From a review (http://books.guardian.co.uk/review/story/0,,2051699,00.html)
Philip Ardagh
Skulduggery Pleasant
by Derek Landy
368pp, HarperCollins, £12.99
I know I've quoted this before, but, for children not mad keen on the forest of fantasy tales out there, nothing says it better: "I find it difficult to take much interest in a man whose father was a dragon." Thus spoke Dante Gabriel Rossetti to William Morris, apologising for not being gripped by the latter's epic poem Sigurd the Volsung. It can equally be applied to the fantasy epic. But there are many other types of fantasy out there too. The most common of these seem to fall into three main camps: the ironic, knowing, humour-led fantasies (of which Terry Pratchett is the undoubted champion); the Buffy the Vampire Slayer school of fantasy (of the cool, butt-kicking, bring-it-on style); and the likes of Susan Cooper's The Dark is Rising series, where the battle of good and evil is very real and played out on a very human stage with believable contemporary characters.
The kind of children's fantasy which has been less successfully achieved, and is consequently much thinner on the ground, lies somewhere in between.
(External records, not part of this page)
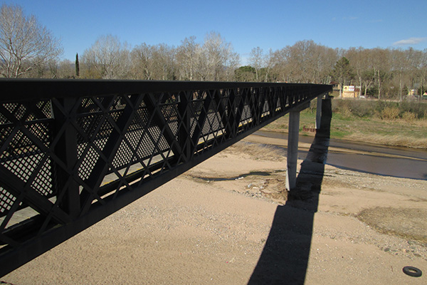 Aquest pont era una infraestructura de 183 metres de llarg per 1,60 metres d’ample, sostinguda per 10 pilars de ferro, clavats a quatre metres de profunditat i amb un sòl de fusta. L’element fou finançat íntegrament pels veïns de la vila. A l’octubre del 1895 s’adjudicà la construcció del pont de Ferro a La Maquinista Terrestre y Marítima i el 13 de gener del 1896 s’exposaren els plànols del pont a la plaça de l’Església. Al juliol del mateix any arribaren tres vagons amb les peces destinades al muntatge del pont, de manera que se n’inicià la construcció.
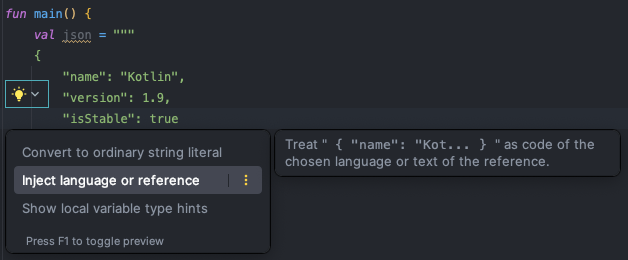 인텔리제이 IDEA에서는 로우 문자열 리터럴 내부에 대해 문법 하이라이팅을 지원합니다. 하이라이팅은 다음과 같이 활성화 할 수 있습니다.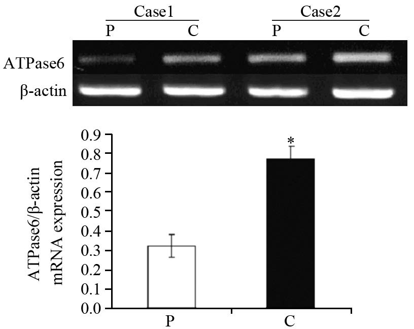 | P: adjacent normal tissues; n=25; C: breast invasive ductal carcinoma tissue; *: P<0.01, compared with P 图 1 乳腺浸润性导管癌组织与癌旁组织mtDNA ATPase6 mRNA的表达 (n=25) Figure 1 Comparison of mitochondrial DNA (mtDNA) ATPase6 mRNA expression between breast invasive ductal carcinoma and adjacent normal tissues (n=25) |

This is the fantasy that doesn't take itself too seriously, but neither does the humour make the dangers an irrelevance. [...]
And, in case you were wondering, Morris did have a response to Rossetti's comment about his hero's father being a dragon. "I don't see it's any odder than having a brother who's an idiot!" he said. See? There's humour everywhere. Though, of course, he may have meant it.